• [To do]
Pictures stay out, but every line of the data is copied exactly.

══ Raw data ══

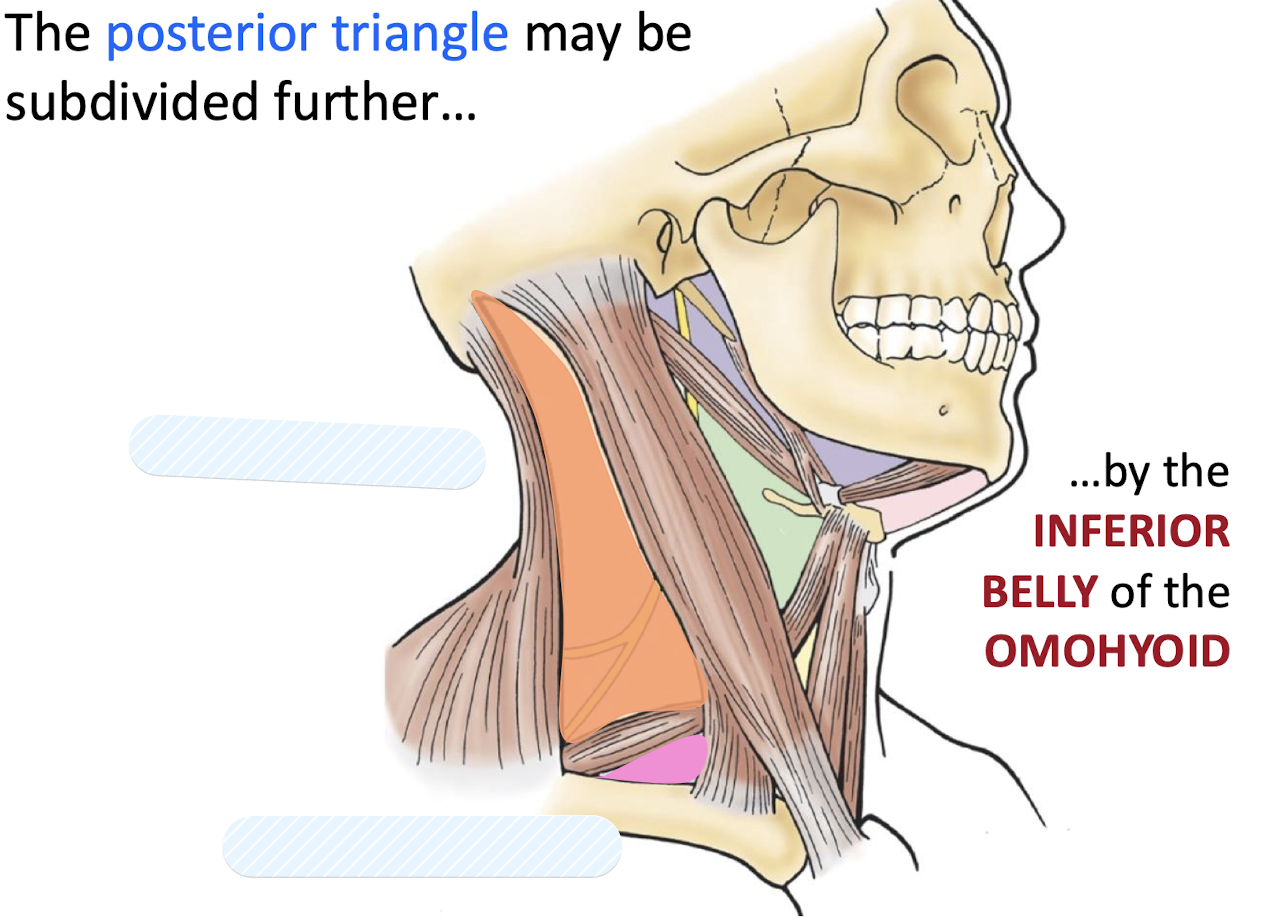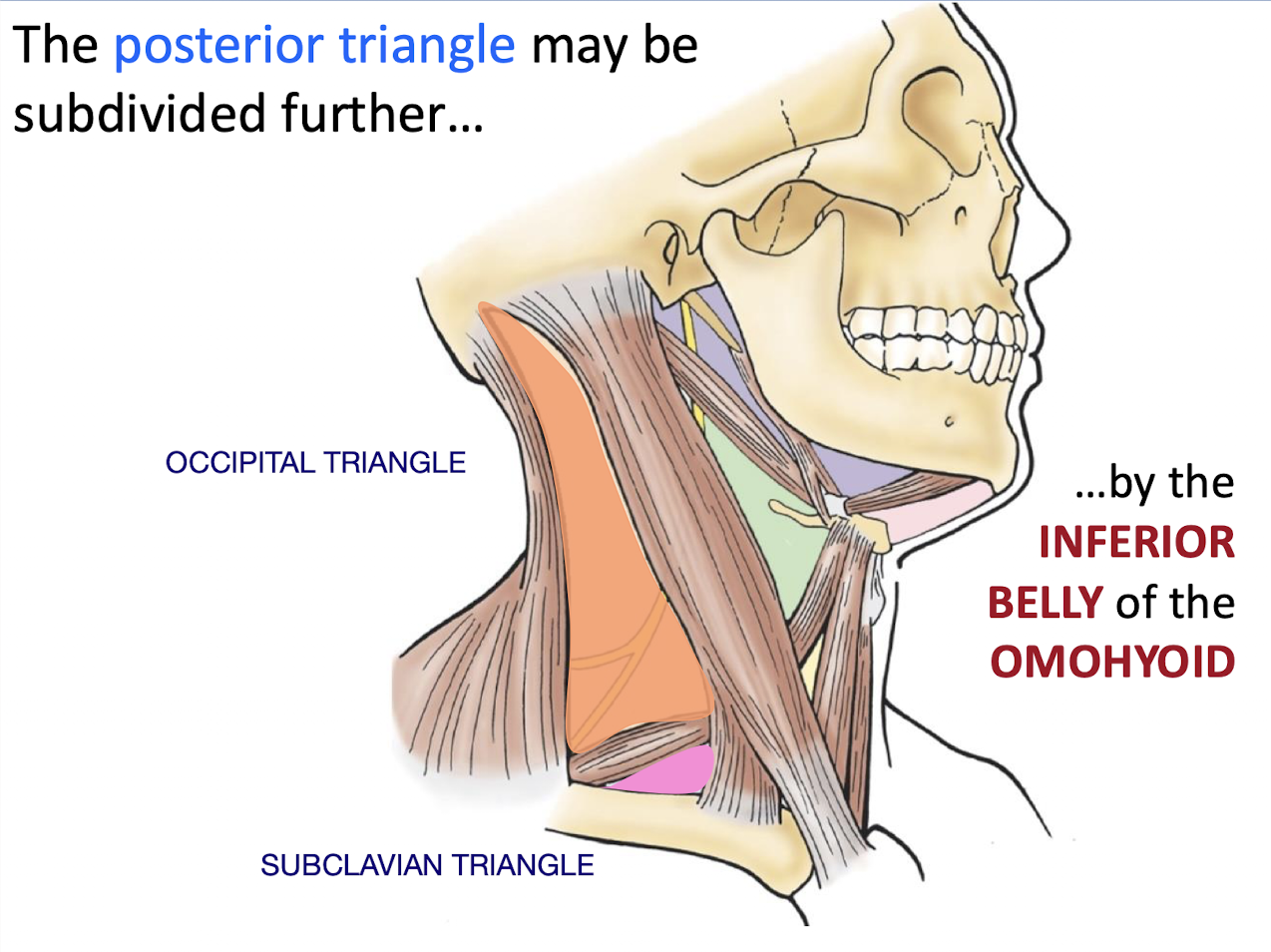 The INFERIOR BELLY of the OMOHYOID subdivides into the Occipital and Subclavian Triangles
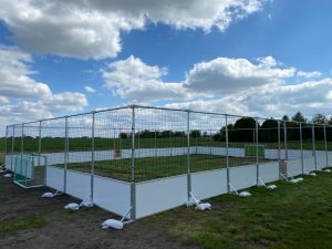 Die Gemeinde Schönefeld freut sich über einen weiteren Soccer Court. Dieser wurde auf Initiative der Jugendkoordinatorin der Gemeinde im letzten Jahr bestellt und nun von den Kollegen vom Bauhof im Ortsteil Großziethen aufgebaut.
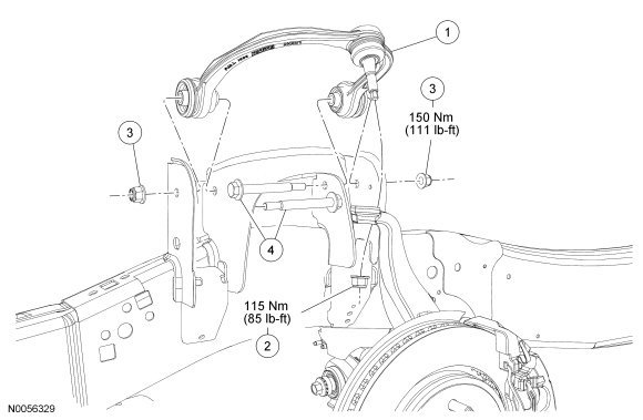 5. Tighten the upper arm-to-frame nuts to 150 Nm (111 lb-ft).
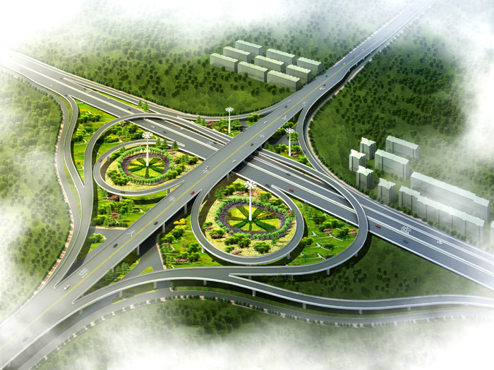 邯鄲市中華大街~南環(huán)路全互通立交橋,設(shè)計(jì)為車速60km/h,雙向八車道全互通組合式三層立交,其中南環(huán)路為第二層,上跨地面層,凈空3.5米,中華大街為第三層, 上跨南環(huán)路,凈空4.5米。右轉(zhuǎn)匝道和左轉(zhuǎn)半定向匝道設(shè)計(jì)車速40km/h,右轉(zhuǎn)匝道凈寬7米,左轉(zhuǎn)半定向匝道凈寬8米,環(huán)形匝道設(shè)計(jì)車速30km/h,凈寬7米。整座立交橋占地322畝,屬特大型城市橋梁工程,預(yù)計(jì)投資約2.49億元。

═══

• [Answer space]
 The INFERIOR BELLY of the OMOHYOID subdivides into the Occipital and Subclavian Triangles
 Die Gemeinde Schönefeld freut sich über einen weiteren Soccer Court. Dieser wurde auf Initiative der Jugendkoordinatorin der Gemeinde im letzten Jahr bestellt und nun von den Kollegen vom Bauhof im Ortsteil Großziethen aufgebaut.
 5. Tighten the upper arm-to-frame nuts to 150 Nm (111 lb-ft).
 邯鄲市中華大街~南環(huán)路全互通立交橋,設(shè)計(jì)為車速60km/h,雙向八車道全互通組合式三層立交,其中南環(huán)路為第二層,上跨地面層,凈空3.5米,中華大街為第三層, 上跨南環(huán)路,凈空4.5米。右轉(zhuǎn)匝道和左轉(zhuǎn)半定向匝道設(shè)計(jì)車速40km/h,右轉(zhuǎn)匝道凈寬7米,左轉(zhuǎn)半定向匝道凈寬8米,環(huán)形匝道設(shè)計(jì)車速30km/h,凈寬7米。整座立交橋占地322畝,屬特大型城市橋梁工程,預(yù)計(jì)投資約2.49億元。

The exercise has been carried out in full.